Find whether a word exists in a 2D character grid following adjacent cells — Roblox uses the same constrained-path DFS to validate item-placement patterns and check chat-filter word formations across tiled regions.

By Alex Chen, Founder, InterviewChamp.AI · Last verified

Problem

Given an m x n grid of characters and a string word, return true if the word exists in the grid. The word must be constructed from letters of sequentially adjacent cells (horizontally or vertically neighboring).
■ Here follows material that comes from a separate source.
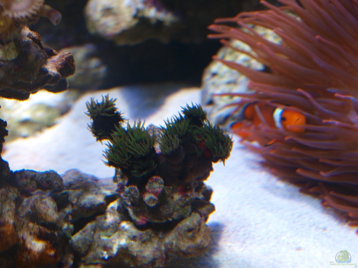 Korallen: Entacmaea quadricolor - Blasenanemone Parazoanthus sp. 01 - Gelbe Krustenanemone Protopalythoa - Krustenanemone 2 * Goniopora Tubastrea faulkneri - Orange-gelbe Kelchkoralle (tägliche Fütterung) Tubastrea sp. 01 - Kelchkoralle (schwarz; tägliche Fütterung) Funghia Seriatopora hystrix - Christusdorn-Koralle oder Stachelbuschkoralle Euphyllia paraancora - Hammerkoralle Pocillopora damicornis - Buschkoralle oder Himbeerkoralle Discosoma sp. 12 - Scheibenanemone, [...]

The same cell may not be used more than once.

Constraints

  • m == board.length, n == board[i].length
  • 1 <= m, n <= 6
  • 1 <= word.length <= 15
  • board[i][j] and word consist only of uppercase and lowercase English letters

Examples

Example 1

Input
board = [["A","B","C","E"],["S","F","C","S"],["A","D","E","E"]], word = "ABCCED"
Output
true

Example 2

Input
board = [["A","B","C","E"],["S","F","C","S"],["A","D","E","E"]], word = "SEE"
Output
true

Example 3

Input
board = [["A","B","C","E"],["S","F","C","S"],["A","D","E","E"]], word = "ABCB"
Output
false

Approaches

1. Brute force — DFS with visited set

Start DFS from every cell, use a Set to track visited coordinates in the current path, backtrack on mismatch.

Time
O(m*n * 4^L) where L = word length
Space
O(L) for visited set
function exist(board, word) {
  const rows = board.length, cols = board[0].length;
  const visited = new Set();

  function dfs(r, c, idx) {
    if (idx === word.length) return true;
    if (r < 0 || r >= rows || c < 0 || c >= cols) return false;
    if (board[r][c] !== word[idx]) return false;
    const key = r * cols + c;
    if (visited.has(key)) return false;
    visited.add(key);
    const found = dfs(r+1,c,idx+1) || dfs(r-1,c,idx+1) || dfs(r,c+1,idx+1) || dfs(r,c-1,idx+1);
    visited.delete(key);
    return found;
  }

  for (let r = 0; r < rows; r++) {
    for (let c = 0; c < cols; c++) {
      if (dfs(r, c, 0)) return true;
    }
  }
  return false;
}

Tradeoff:

2. Optimal — DFS with in-place marking

Mark the current cell with a sentinel character during recursion and restore it on backtrack, eliminating the visited Set's overhead.

Time
O(m*n * 4^L)
Space
O(L) call stack only
function exist(board, word) {
  const rows = board.length, cols = board[0].length;

  function dfs(r, c, idx) {
    if (idx === word.length) return true;
    if (r < 0 || r >= rows || c < 0 || c >= cols) return false;
    if (board[r][c] !== word[idx]) return false;
    const temp = board[r][c];
    board[r][c] = '#';
    const found = dfs(r+1,c,idx+1) || dfs(r-1,c,idx+1) || dfs(r,c+1,idx+1) || dfs(r,c-1,idx+1);
    board[r][c] = temp;
    return found;
  }

  for (let r = 0; r < rows; r++) {
    for (let c = 0; c < cols; c++) {
      if (dfs(r, c, 0)) return true;
    }
  }
  return false;
}

Tradeoff:

Roblox-specific tips

Roblox interviewers appreciate the in-place sentinel trick because game-engine code is memory-tight; allocating a visited data structure per search call adds up when running thousands of tile validations per frame. They also ask about pruning: if the remaining grid cells containing the next character are fewer than the remaining word length, you can short-circuit early.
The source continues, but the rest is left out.